“他有什么特殊的?”
李宛睁开眸子盯着他,冷静又阴暗的神色看的贺兰喜额头渗出丝丝冷汗,他突然意识到自己说错了话,跪下磕头道,“奴才失言,请娘娘降罪!”
方才虚掩的窗子吱悠悠的自己转开,贺兰有一瞬间觉得自己要死在此处,直到皇后一声轻叹教训他道,“这是本宫这个傻得在这,无论你说什么都不大往心里去的,若是旁人,你不死也要剥层皮。”
“是,娘娘教训的是。”
“起来吧,罚你去给本宫买几两肉饼来,要鸡肉的。”
天一擦黑,皇宫便处处点上了灯笼,一盏盏琉璃灯间隔不超过十步,衬得黑天亮如白昼。
换防的士兵自暖春阁前大踏步略过,那宫门依旧紧闭着,便是连门栓都落了厚厚的灰,有个小子悄声和小友讨论着,“暖春阁里还有住人吗?”

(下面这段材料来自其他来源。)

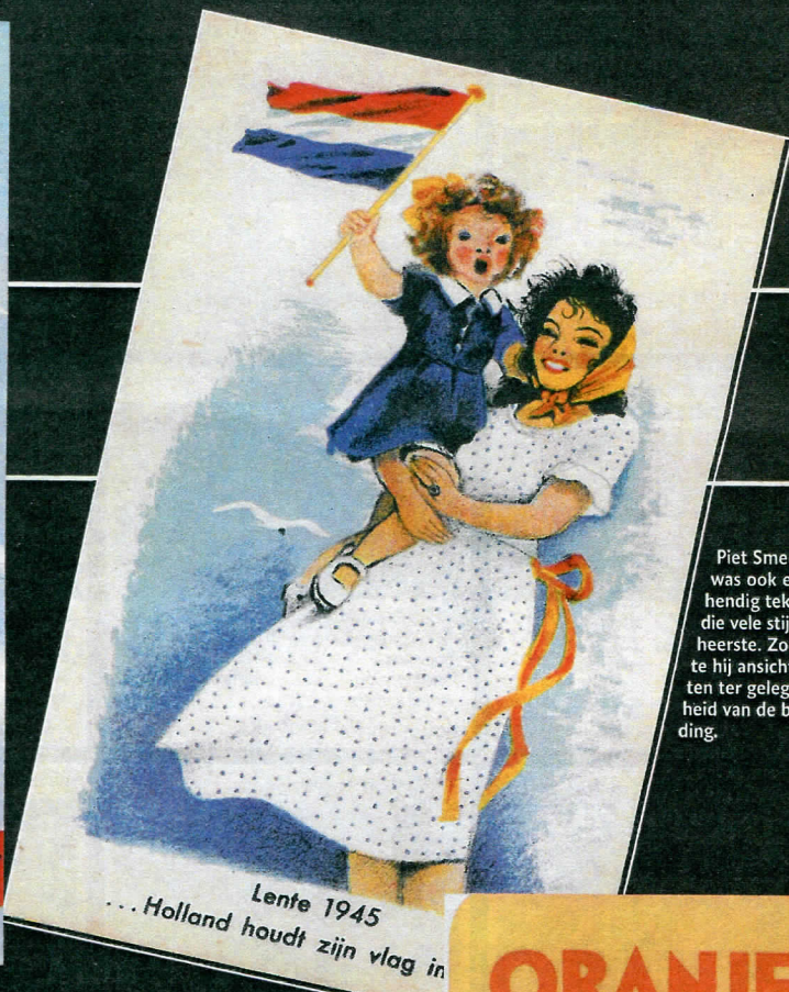
Piet Smeele was ook een behendig tekenaar die vele stijlen beheerste. Zo maakte hij Ansichtkaarten ter gelegenheid van de bevrijding.

“住谁啊?公主现在还下落不明呢,你说这地方是不是不详啊?怎么谁住在这谁倒霉的。”
“倒霉?怎么说?”那小子惊诧。
八卦的那个压低声音道,“先皇的时候贤太妃住这,那时候她还是贤妃呢,三年夭折了两个皇子就算了,等陛下登基,就连她自己都被赶出宫去了,现在还寄人篱下的住在贤妃娘娘的合欢殿呢。”
“再看咱们的公主,自打住在这,幺蛾子就没断过,一会儿搞个桃色绯闻一会儿失踪的,荣华富贵都不会享受,我要是她,宁愿坐在暖春阁抱着银子睡,张俭哪有银子香?”

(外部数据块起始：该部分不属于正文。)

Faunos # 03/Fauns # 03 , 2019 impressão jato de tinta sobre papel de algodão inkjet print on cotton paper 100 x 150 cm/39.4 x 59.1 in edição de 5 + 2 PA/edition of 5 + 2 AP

同伴被他的话逗得哈哈大笑,肩膀撞了撞他调笑道,“那是你!一月俸禄都不够你打两壶酒的,你当公主跟你一样是个没见过世面的?她那么受宠什么好玩意儿没见过?”
他大手一挥,感叹道,“管她作甚,不管了,咱们之前拖了六个月的俸禄终于发了,我待会儿可要好好的买上两壶酒快活快活,你要不要一起?”
同伴摇头,面露难色道,“不行,半年没有银钱拿回家,我家欠了好些米钱呢,得去还债。”
“说句大逆不道的话,我觉得要是慎王做皇帝,能比现在这位强不少,你看他监国才小半个月,不仅赋税少了,米铺的价格低了不少,连咱们拖欠的俸禄都发了。”
“哎呦,哎呦,这可不兴说啊,你的脑袋不想要了?”
“怕什么?反正现在的皇帝也是活死人一个。”
他们说话间逐渐远去,灯光照不到的角落里有个瘦小的身影伏在墙面上,大气也不敢喘。
等到半点脚步声也听不到,他方才试探性出来站在光亮之下,阴鸷的眸子狠狠的盯着远去的兵卒,往地下啐了一口,朝水门方向溜去。
自打李宛远去东格尔,虽然平均五日便有信件回传,但谢衍仍担心的睡不着觉,今日索性带着人蹲在宫门检查。
周到玉温了壶黄酒给他倒了一杯,“殿下,咱回吧,再有两个时辰就要天亮了,明儿还要朝议呢。”
“你若累了就去歇歇吧,本王不累,在屋子里待着也是待着,不如在这看看他们检查。”谢衍坐在换防的休息小屋里,狭长的眸子布满血丝,盯着出宫的长队。
“皇后娘娘定然无碍的,有苗小将在呢。”
捧着温热的酒杯,谢衍垂着眸子,落寞和伤感都在一瞬间涌上心头,“明日便要将阁老下狱了,我拖了这么多日,没想到还是要叫他遭这一回罪,本王时常会想若是当年五哥做了皇帝,或许就是另外的风景。”
“王爷莫要妄自菲薄,阁老的账目本就是有问题的,就算是张俭做的手脚,可铁证如山咱们也不好开脱,这事情除了将张俭抓住,再无他法,王爷开恩请阁老在宫里小住几日已经是法外开恩了。”周到玉劝道。